Собаку все почему-то звали Тачка. Коричнево-бежевая, гладкошерстная, с мордой овчарки и ушами дворняжки, она была безобидной псинкой, добродушной и коммуникабельной. Потомок своих предков, она всегда, радостно поскуливая и повизгивая, виляла хвостом, выражая не только дружелюбие, но и приглашение к игре. Она вымаливала лакомый кусочек, «улыбаясь» хвостом.
В то утро Марина, как обычно, бросила ей косточку, и Тачка ловко подхватила ее на лету. Но тут откуда ни возьмись появилась незнакомая лохматая собака. Подняв хвост и напряженно вытянув его в струнку, она как будто хотела выразить свое «начальственное» положение и полную боевую готовность отнять завтрак у Тачки. Марина возмутилась, но лохматая бродяга свирепо огрызнулась, и она едва успела отскочить. Собачьи зубы обожгли кожу на ноге.
Пришлось идти в поликлинику, чтобы сделать на всякий случай прививку.
В коридоре в ожидании своей очереди на жестких стульях томились больные. Большинство – сердобольные разговорчивые старушки. Одна тут же начала ей сочувствовать:
– Заболела, милая?
Напуганная происшедшим, Марина совершенно не была склонна в эти минуты к общению и осветила правду жизни одним словом:
– Возможно.
Бабуля обиженно поджала губы и повернулась к соседке. Та немедленно обобщила:
– Теперь молодежь такая: и пообщаться с нами не хочет!
– Нынче молодежь – погляди да брось, – солидарно пробурчала третья бабуля.

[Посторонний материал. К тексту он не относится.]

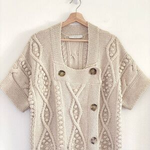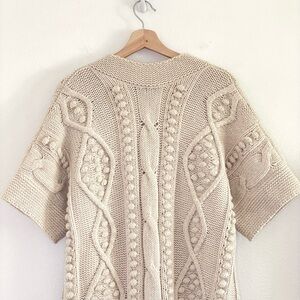 Stella McCartney Wool Cashmere Blend Chunky Cable Knit Bobble Cardigan in Ecru, Women’s IT 40 / US 4 - 6. Can also fit Medium - Large, see measurements for desired fit.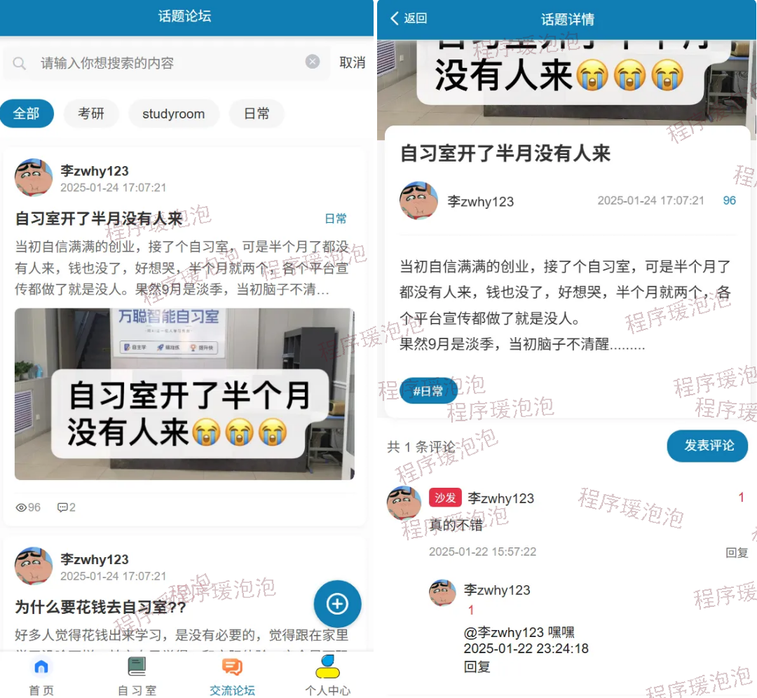 (7)论坛交流:用户可通过搜索进行筛选喜欢的话题,也可以进行自动浏览话题列表,可以在话题下发表自己的看法,与其他用户进行交流,对于他人的评价认同时,可以进行点赞他人评论信息。用户也可以进行发布话题。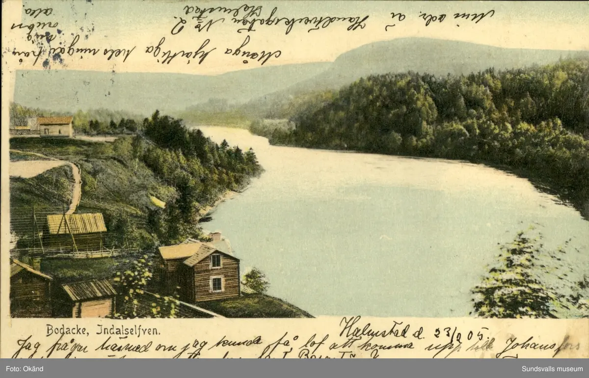 Vykort med motiv över Indalsälven vid Bodackestrand.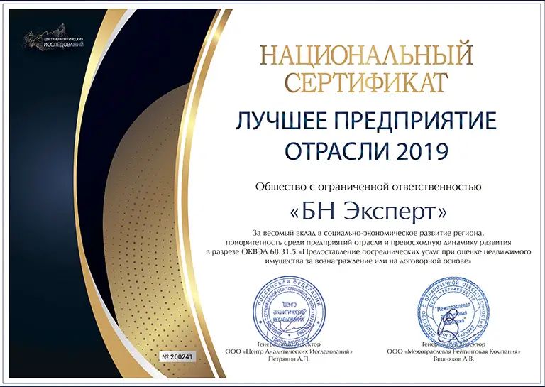 Национальный сертификат «Лучшее предприятие отрасли» подтверждает надежность компании, приоритетность услуг предприятия среди конкурентов и престижность работодателя. В рамках условий номинации каждая организация проходит дополнительный экспертный, юридический и информационно-репутационный анализ. К номинации могут быть представлены приоритетные и лучшие компании отрасли, а также организации социально важного значения.
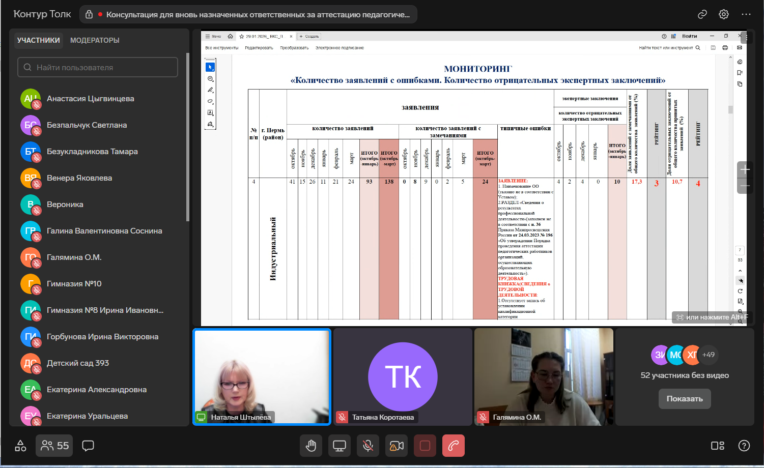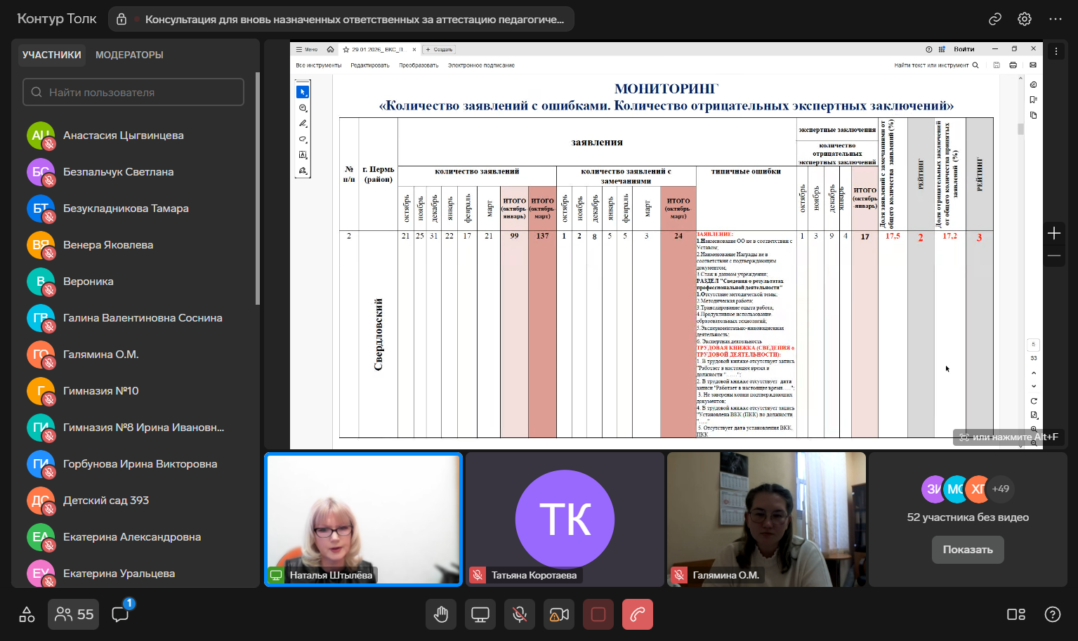 В совещании приняли участие заместители директоров, методисты, специалисты, ответственные за аттестацию педагогических работников из 44 государственных и частных образовательных организаций Пермского края. Количество участников - 51 человек.

Теперь пришла очередь обидеться Марине.
Но в следующий момент из кабинета врача вышла медсестра и громко объявила:
– Женщина, которая с бешенством, пройдите в пятый кабинет!
Все замолчали и уставились на Марину: кто с любопытством, кто с опаской, кто с долей жалости.
Перед дверью пятого кабинета она остановилась, оглянулась и, мило улыбнувшись бабулькам, произнесла:
– Р-р-р-р!
А потом для большей убедительности добавила:
– Гав, гав!
Ох, надо было видеть их лица!..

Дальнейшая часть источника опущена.